- [What you have to do] This exercise calls for the whole listing to be given again exactly, without images.

──────── Recorded information ────────

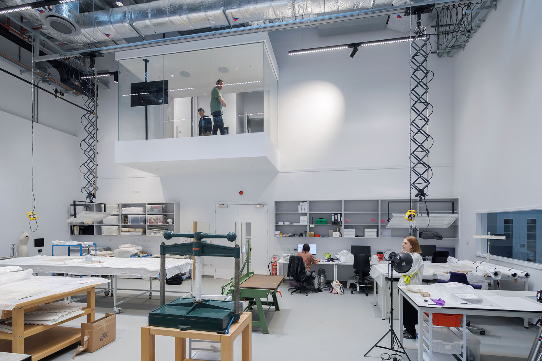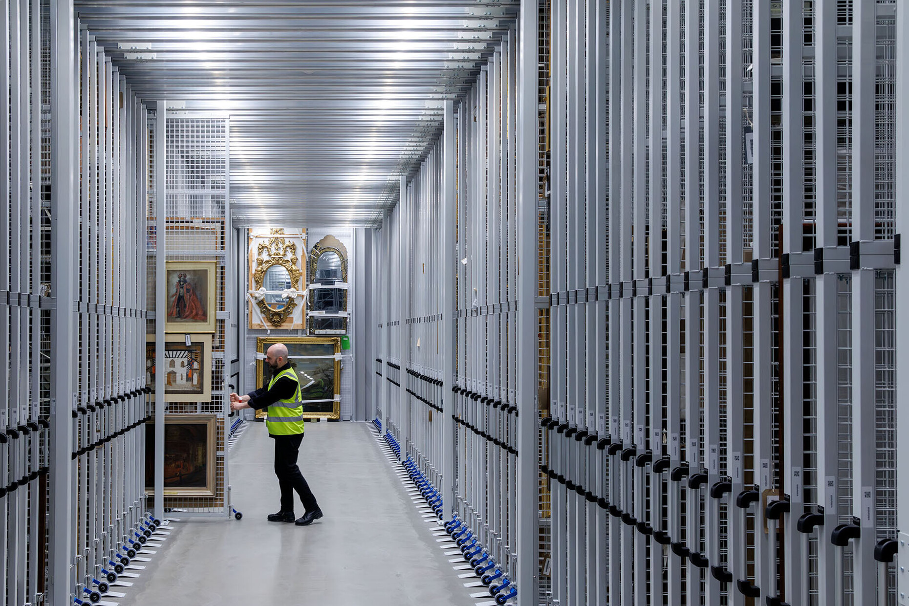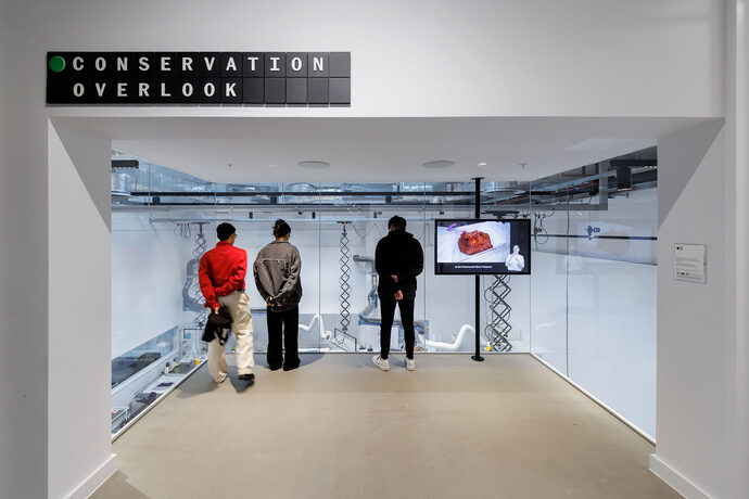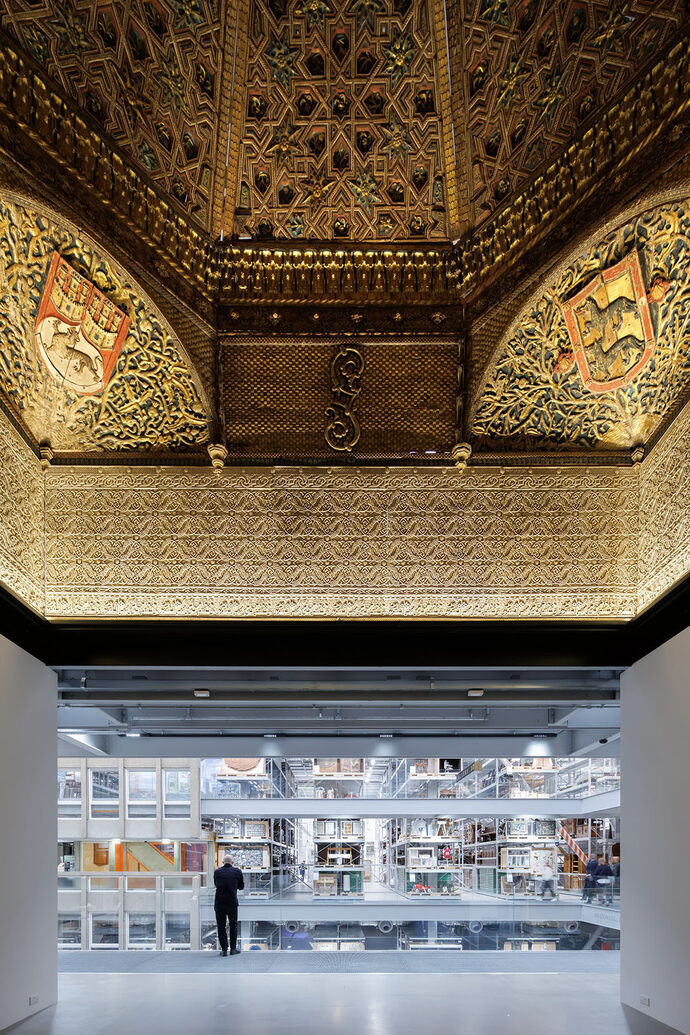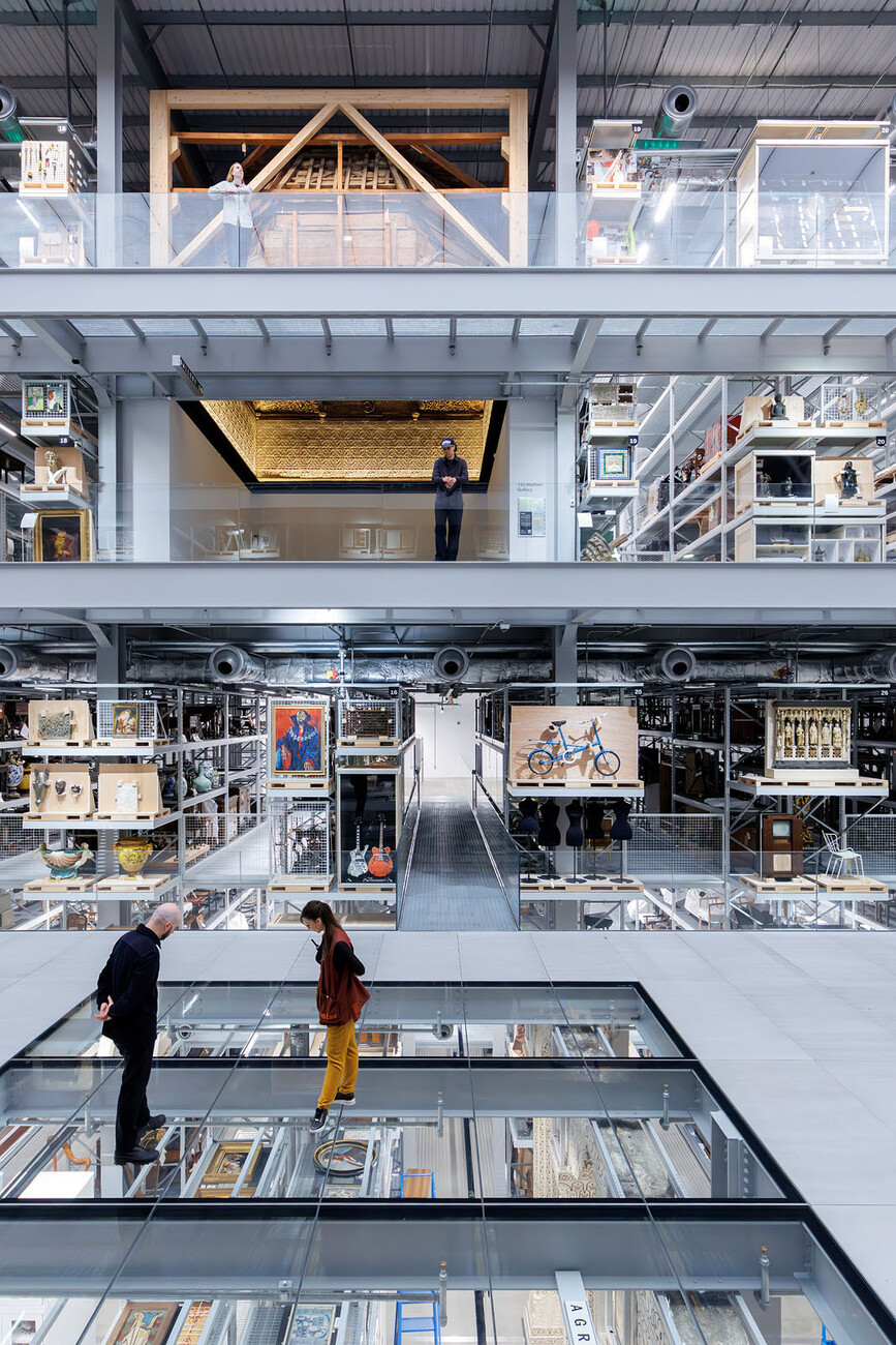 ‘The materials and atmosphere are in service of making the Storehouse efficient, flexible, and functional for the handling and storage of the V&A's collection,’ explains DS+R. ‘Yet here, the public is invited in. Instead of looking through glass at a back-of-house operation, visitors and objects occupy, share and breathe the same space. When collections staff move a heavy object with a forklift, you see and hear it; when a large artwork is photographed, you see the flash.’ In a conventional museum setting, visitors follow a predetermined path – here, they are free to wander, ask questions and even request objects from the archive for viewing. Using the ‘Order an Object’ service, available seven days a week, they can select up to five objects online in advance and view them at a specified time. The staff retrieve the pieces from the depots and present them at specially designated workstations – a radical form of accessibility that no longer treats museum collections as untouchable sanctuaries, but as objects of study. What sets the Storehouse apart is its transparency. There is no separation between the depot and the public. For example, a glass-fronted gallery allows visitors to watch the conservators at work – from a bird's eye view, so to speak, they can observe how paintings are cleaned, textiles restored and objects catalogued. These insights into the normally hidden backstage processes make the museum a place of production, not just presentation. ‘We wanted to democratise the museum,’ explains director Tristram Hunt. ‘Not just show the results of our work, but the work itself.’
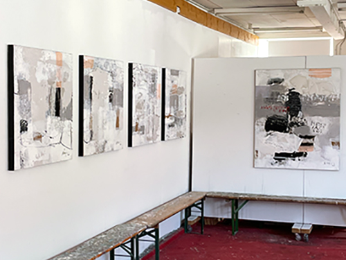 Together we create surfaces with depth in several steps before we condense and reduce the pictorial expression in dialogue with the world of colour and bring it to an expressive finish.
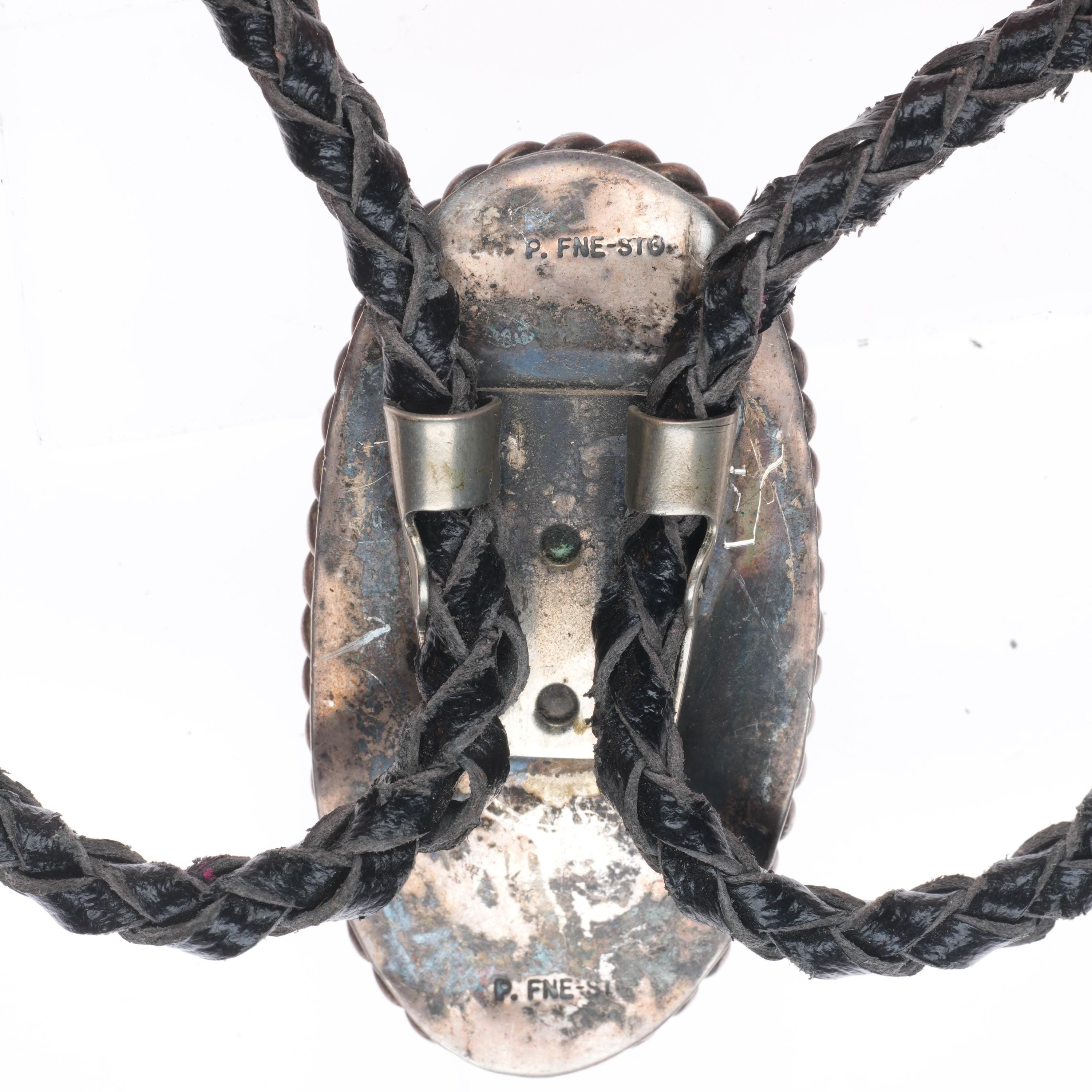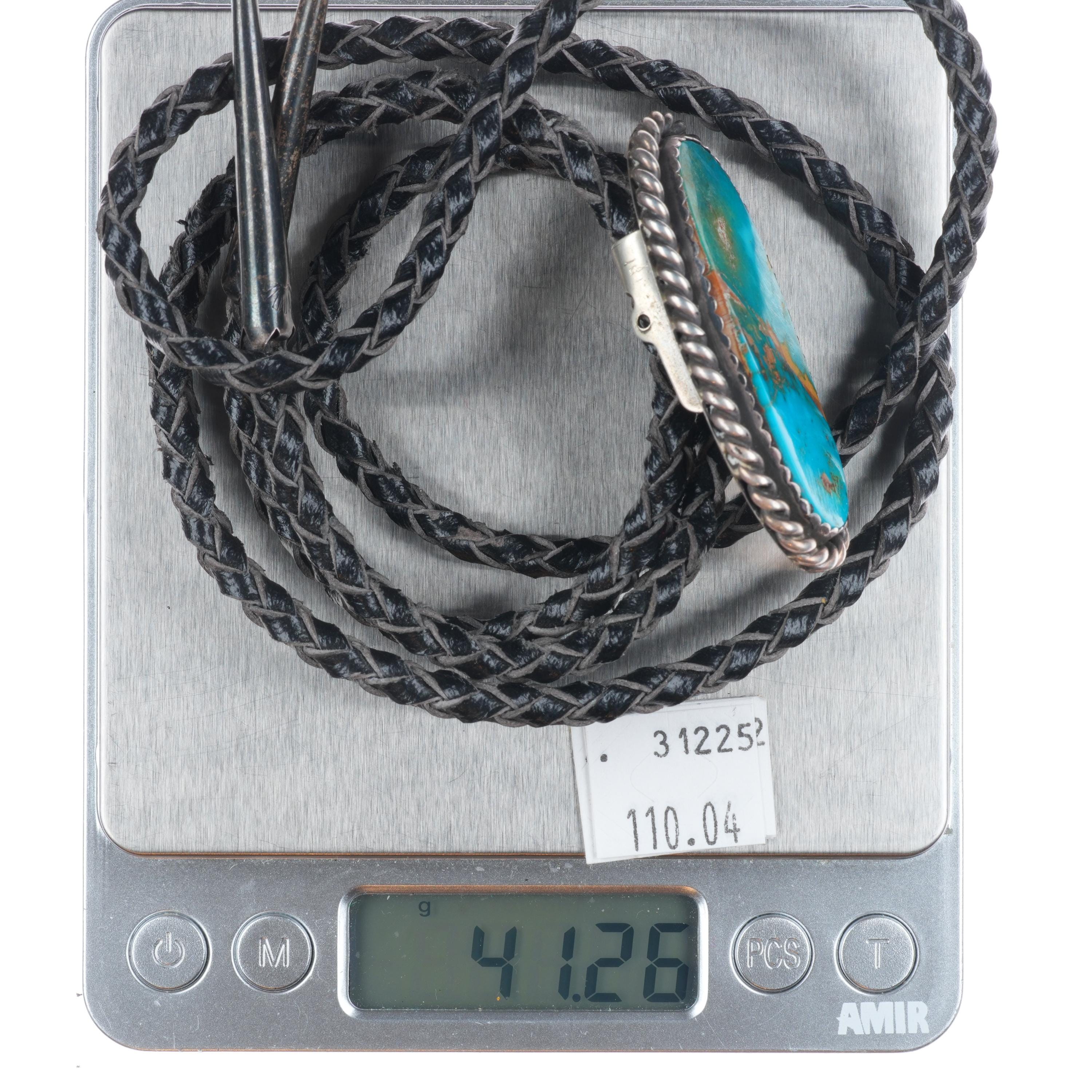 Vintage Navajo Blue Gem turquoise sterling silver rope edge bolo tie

────────

- [Solution to the problem]
 ‘The materials and atmosphere are in service of making the Storehouse efficient, flexible, and functional for the handling and storage of the V&A's collection,’ explains DS+R. ‘Yet here, the public is invited in. Instead of looking through glass at a back-of-house operation, visitors and objects occupy, share and breathe the same space. When collections staff move a heavy object with a forklift, you see and hear it; when a large artwork is photographed, you see the flash.’ In a conventional museum setting, visitors follow a predetermined path – here, they are free to wander, ask questions and even request objects from the archive for viewing. Using the ‘Order an Object’ service, available seven days a week, they can select up to five objects online in advance and view them at a specified time. The staff retrieve the pieces from the depots and present them at specially designated workstations – a radical form of accessibility that no longer treats museum collections as untouchable sanctuaries, but as objects of study. What sets the Storehouse apart is its transparency. There is no separation between the depot and the public. For example, a glass-fronted gallery allows visitors to watch the conservators at work – from a bird's eye view, so to speak, they can observe how paintings are cleaned, textiles restored and objects catalogued. These insights into the normally hidden backstage processes make the museum a place of production, not just presentation. ‘We wanted to democratise the museum,’ explains director Tristram Hunt. ‘Not just show the results of our work, but the work itself.’
 Together we create surfaces with depth in several steps before we condense and reduce the pictorial expression in dialogue with the world of colour and bring it to an expressive finish.
 Vintage Navajo Blue Gem turquoise sterling silver rope edge bolo tie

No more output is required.